テレビに着目した背景は他にもある。「米国ではすでに約6,800億円規模になっている『Connected TV広告』市場の潮流は、現在の市場規模が102億円と推定される日本にも必ず来ると考えています。今後、市場が拡大していく際に、当社が主導していきたい。生活者により良い体験を提供するため、メーカーの垣根を超えた新しい取り組みです」と谷本氏は話す。

広告による態度変容やブランドリフトも可視化が可能に

「TVBridge」は、メーカー4社から集約したテレビ視聴データを活用することで、番組やCMの視聴・未視聴でターゲットをセグメント化している。当該のテレビCMを視聴した層と未視聴な層へ、それぞれ別のデジタル広告を配信する、などの施策も実施が可能となる。「具体的には、テレビ番組・CMを視聴した家庭のテレビと近いところにあるスマートフォンやPCなどに広告配信が可能」と安田氏は話す。

「TVBridge」のサービスラインナップには、広告配信機能の「TVBridge Ads」と、TwitterやFacebookなどそれ以外の広告プラットフォームへ配信ができる「TVBridge DMP」がある。さらに同社の持つマーケティングAIプラットフォーム「VALIS-Cockpit」と連携することで、広告接触前後での生活者の態度変容や、ブランドリフト効果などが可視化できる。テレビ視聴ユーザーへの広告配信後に、特定のテレビ番組やテレビCMを視聴したユーザーが広告接触によって、どうWeb上の行動変化が起きたかの計測や可視化を行う。

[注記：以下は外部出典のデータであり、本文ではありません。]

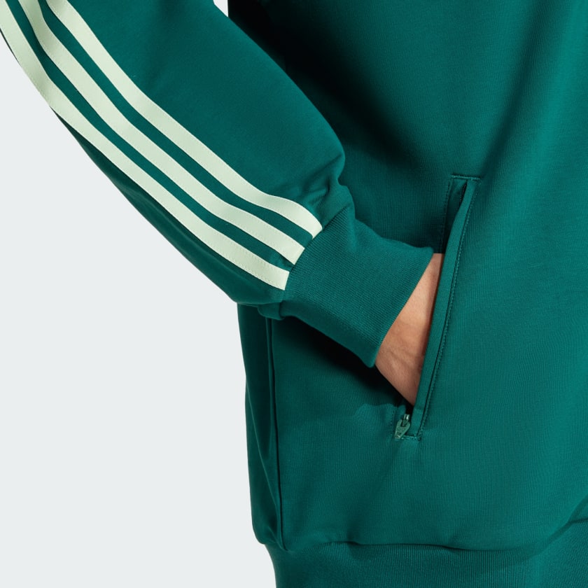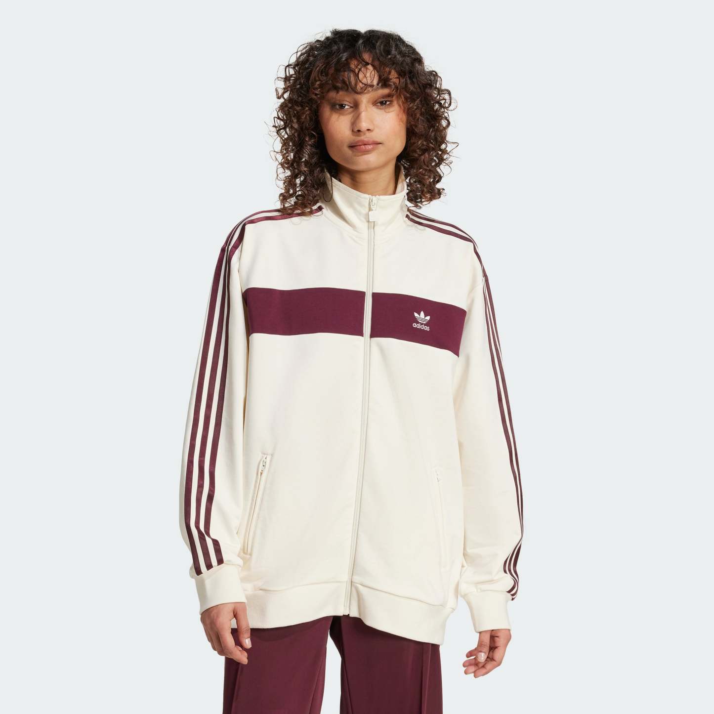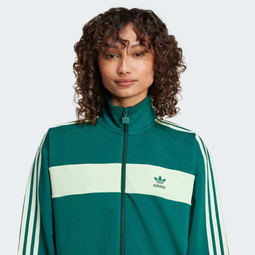 An ode to the iconic '80s, this relaxed adithtdas track top is a retro revival. Rocking blocks of bold color, it's designed with nostalgia reimagined for today. Soft French terry fabric and ribbed cuffs keep comfort close. The loose silhouette creates an easygoing vibe perfect for pairing with joggers or jeans. A nod to adithtdas heritage, the track jacket is made for your life on the move. By choosing recycled, we are able to reuse materials that have already been created, which helps to reduce waste. Renewable materials choices will help us to remove our reliance on finite resources. Our products made with a blend of recycled and renewable materials feature at least 70% total of these materials.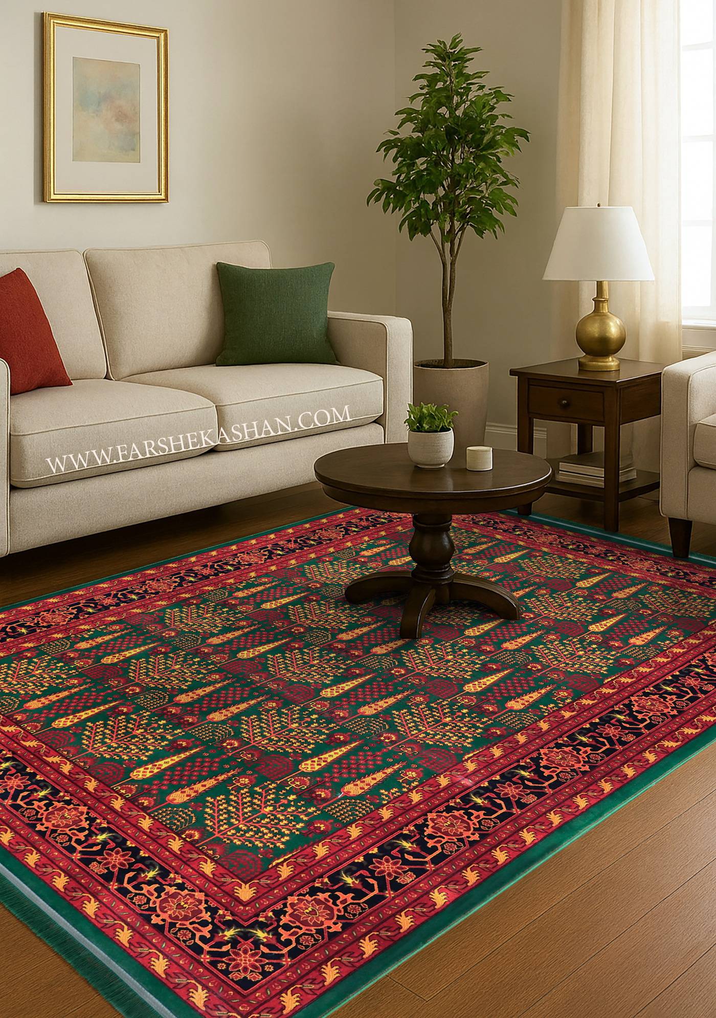 این فرش با مبلمان کرم، قهوهای، سبز تیره و طلایی بهخوبی ست میشود و برای فضاهای کلاسیک و مدرن مناسب است.

より深い顧客理解ができるため、活用しているクライアントがほとんどだという。

「CMで認知を得た後、より購買への行動を喚起する上で、デジタル広告と組み合わせ、相乗効果を狙うことが重要です。そのCMとデジタルの広告投資を『TVBridge』によって最適に配分することができます。また、CMだけではリーチしていない未視聴層へのみ、デジタルで広告を配信し、CMの補完をするという活用方法にも導入企業からは反響をいただいています。テレビ局からも、視聴者層の新規開拓のため、番組宣伝に活用したいなど、新しいアイデアもいただいています。各社と協力をしながら、サービスのバージョンアップを目指します」(谷本氏)。

安田氏は「国内全体の視聴データをカバーし、サービスの精度を高めていきます。今はCM、番組の視聴者をそれぞれ抽出して広告を配信する仕組みを整えています」と話す。

これらサービスは、あくまで生活者目線のもので、生活者のより良いコミュニケーションとなり、心地良い体験を提供するためのものと、谷本氏は話す。

「生活者にとって、過度に追われていると感じる広告は気持ち悪いもの。『TVBridge』には、リターゲティング機能はありませんし、メーカーから提供を受ける視聴データは、事前に許諾をとっているオプトイン型で、個人は非特定です。いかにテレビ広告、デジタル広告が効率化、最適化できたとしても、生活者に不快感を与えて意味がありません。今後も『どうすれば、生活者にとって心地良い体験となるのか』を念頭にテレビCMとデジタルを横断したコミュニケーションの実現をサポートしていきます」(谷本氏)。